Root reinforecement is significant in freeze-thaw process. No significant changes
were found in soil bulk density, water-stable aggregate content, and root density after
a cycle of freeze-thaw compared with those before freeze-thaw. Comparatively, soil
cohesion decreased slightly, whereas soil disintegration rate increased by 20.6%,
18.8% and 7.3% in treatments CK, LD and HD as compared with those before
freeze-thaw. In addition, freeze-thaw delayed the occurrence of main sediment
production, reducing soil anti-scouribility, as well as increasing the rate of sediment
loss in the middle scouring time and total sediment. Among the treatments, compared
with those before freeze-thaw, the freeze-thaw increased sediment by 19.41% and
6.7% in treatments CK and LD, while little effect on HD. Combined effect of root and
freeze-thaw in sediment reduction were 3.72% and 49.39% in LD and HD treatments,
respectively.
(2) Typical abandoning modes, including fallow land, shrub land and tree land,
could effectively increase root biomass and the contacting area of root and soil,
enhancing soil anti-scouribility. As the year of abandoned land increased, compared
with control (crop land), soil bulk density in the surface layer (0–15 cm) and middle
layer (> 15–30 cm) were significantly reduced, while little change occurred in the lower
soil layer (> 30–50 cm). The soil water–stable aggregate content and shear strength,
including C and φ were also significantly increased in the three studied soil layers. Soil  disintegration rate reduced in all soil layers, especially for the middle and lower soil
layers, about 4.2 and 1.8 times than those in the surface soil layer. Soil anti-scouribility
in the surface layer increased rapidly before the stage Ⅲ, and kept stable in the
following abandoned stages, while the soil anti-scouribility in the middle and lower soil
layers were increased steadily, approximate 76.9% and 30.7% increments as compared
with those of control. Soil water–stable aggregate content and dry root biomass were
the determining factors in the reinforcement of soil AS in the abandoned land of the
hilly Loess Plateau.
Compared with the control, Caragana planting could effectively reduce soil loss.
Sediment loss over time was well described by a negative exponential function.
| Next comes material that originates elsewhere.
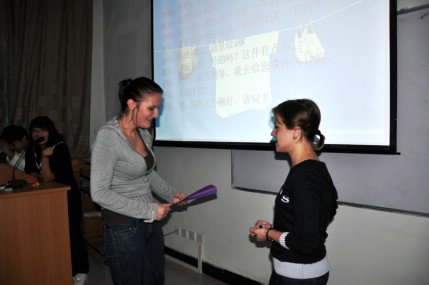 接着,由中外朋友共同参与的猜词和情景再现两个游戏将全场的气氛推向了高潮。由于职工汉语水平有限,在猜词时不时会闪现幽默的语言和诙谐的动作,中外朋友之间的默契配合都博得在场同学阵阵掌声。简单的游戏拉近了中外朋友之间的距离,相同的语言消除了彼此的陌生。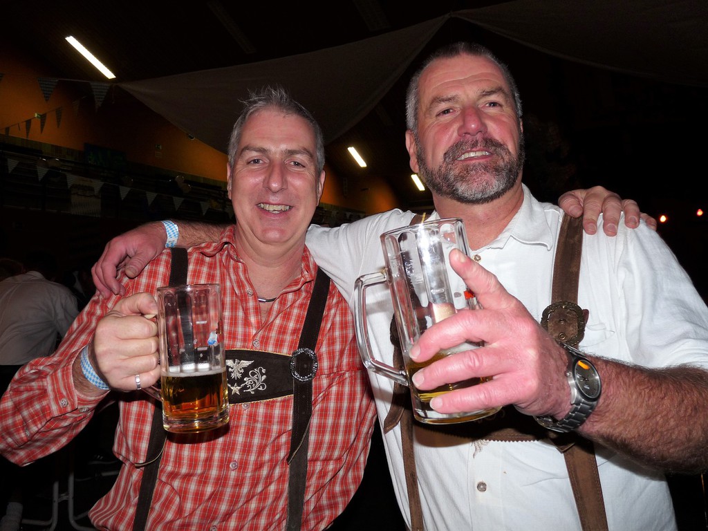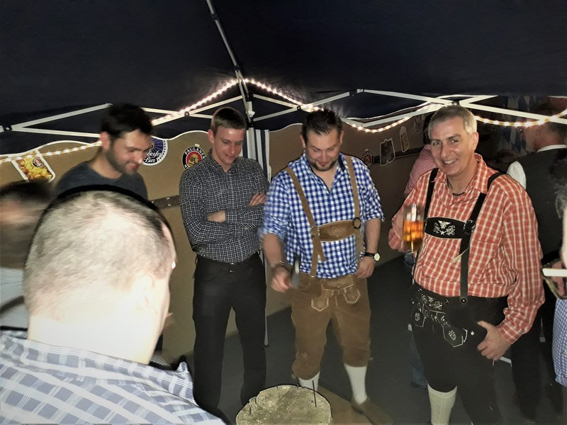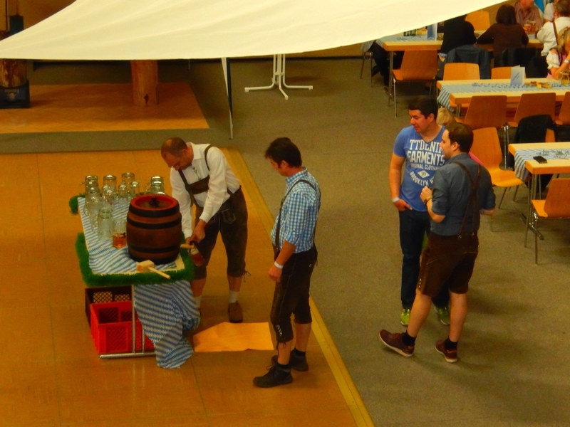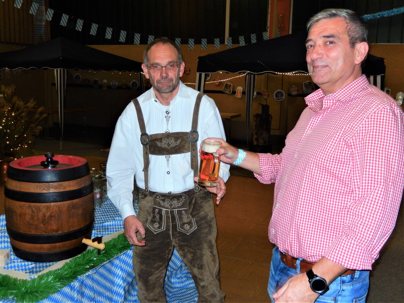 Vorstandsmitglied Mario Schirmer begrüßte die zahlreichen Gäste und zeigte sich über die vielen Besucher und die dem Anlass entsprechende Kleidung erfreut. Michael Dworog und Andreas Kiehne nahmen dann den offiziellen Fassbieranstich vor und nach einigen Schlägen sprudelte das erste Oktoberfestbier in die Masskrüge.

On
average, about 80% of the soil sediment was lost within the first 3 abrasion minutes.
Compared with control, soil bulk density of surface (0–20 cm) and middle soil layers
(20–40 cm) decreased by 8.9% and 18.0%, respectively, but minimal changes
occurred in the lower soils (40–60 cm). Soil aggregate content and shear strength
increased significantly, whereas soil disintegration rate decreased significantly, with a
maximal reduction of 357.1% in the middle soil layer. Soil erosion resistance
increased 9.3, 4.1 and 4.2 fold in the surface, middle and lower soils, respectively.
Linear regression equations could well fit the relationship between soil erosion
resistance and soil physical properties, with root biomass. Soil aggregate content and
root density were the key factors in the reinforcement of soil erosion resistance for
Caragana plantations on the Loess hilly Region.
Compared with CK, artificial Robinia planting significantly reduced sediment.
Changes in the sediment over scouring time were best described by a negatively
exponential function. Compared with CK, the averaged soil bulk density beneath
Robinia significantly decreased by 14.5% in the surface (0–20 cm) soil layer and
non-significantly by 5.7 and 3.3% in the middle (20–40 cm) and lower (40–60 cm)
soil layers, respectively. Soil aggregate content and shear strength increased while soil
disintegration rate decreased significantly in the three soil layers with Robinia stages.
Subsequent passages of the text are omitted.